What would Dad want? Doctors now can get reimbursed for advance-care planning
This month The Centers for Medicare and Medicaid Services released a proposed Medicare Physician Fee Schedule that would allow physicians to be paid for advance-care planning discussions with their patients. Reimbursement for these important and complex discussions supports their value to patients and families. A lack of reimbursement discourages them.
Advance-care planning is the process of discussing and recording preferences of patients who may lose the ability to communicate in the future. Many chronically ill people face a period of impaired cognitive functioning at the end of life. Despite this, even cancer patients report that they have not discussed end-of-lifecare preferences with their physicians.
Only one third to one half of Americans have completed advance-directives such as a living will or assigned a healthcare surrogate or durable power of attorney for healthcare. This leaves decision-making during a time of medical crisis to the nearest relative. In the absence of prior discussion, that person, often a spouse or child, may lack the confidence and clarity to choose as his or her loved one might want. The patient may receive unwanted, ineffective, costly and invasive medical interventions that may not extend life or may diminish quality of life.

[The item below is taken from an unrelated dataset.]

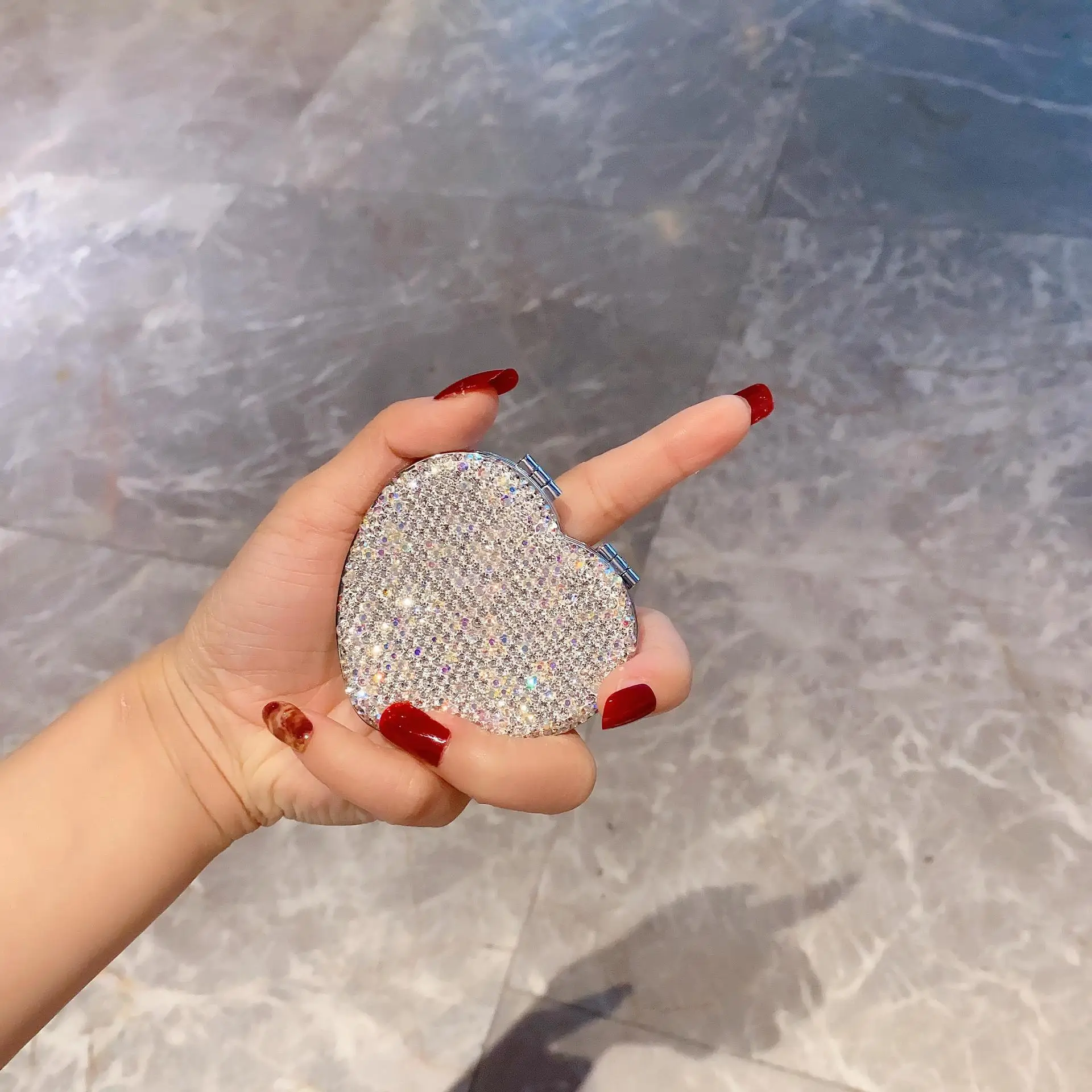 Shiny Diamond Love Heart Mirror Mini Portable Pocket Comp…

Recent studies show that people who participate in end-of-life planning are more likely to have their wishes followed, have family members who suffer less stress, have fewer hospitalizations and incur lower costs in the last six months of life than people who have not planned. Honoring patients’ treatment choices is a key predictor of high-quality end-of-life care. It spares the family the emotional burden of making decisions for which they are unprepared, the moral distress of not knowing whether they decided well and the divisiveness of arguing over who knows best what “Dad would have wanted.”

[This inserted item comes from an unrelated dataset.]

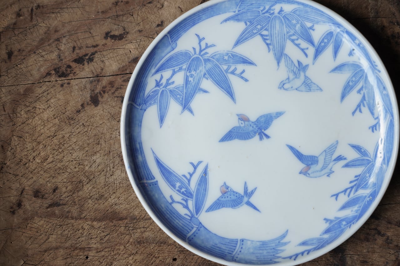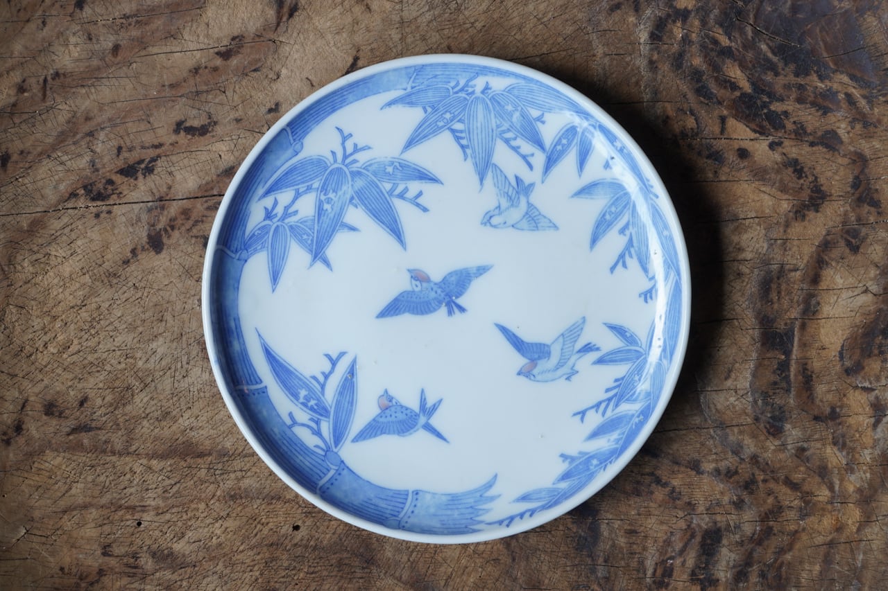 竹に雀図五寸皿 np007300

Some argue that these discussions amount to rationing care and an attempt to deny elderly people access to treatment that will benefit them, akin to counseling them on how to die sooner.

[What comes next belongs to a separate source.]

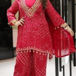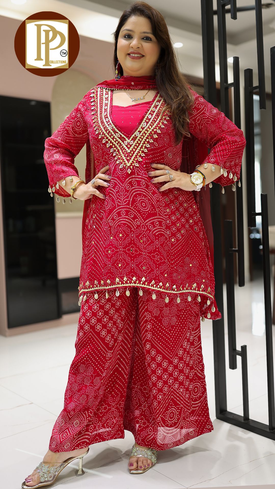Work Type : all over bandini print handwork original mirror work in kurta with matching divider & dupatta.

This is a deeply flawed mischaracterization. In fact, if an individual’s wishes are for extensive testing, ventilators, feeding tubes and surgeries regardless of prognosis or the absence of benefit, advancecare planning is the opportunity to make that known. These preferences can be documented, and a trusted person can be appointed to ensure those wishes are communicated.
Regardless, most people want the ability to say “No” to treatments under conditions where the intervention might extend life but leave them with severe side effects, on permanent life support, unable to walk or talk or in a persistent unresponsive state.
Each one of us, in turn, will come to the end of our lives. The CMS proposal promotes self-determination, human dignity and informed decision-making so that families can experience this sacred time with more control and less uncertainty. The answer to the question “What would Dad want?” can be answered by Dad himself.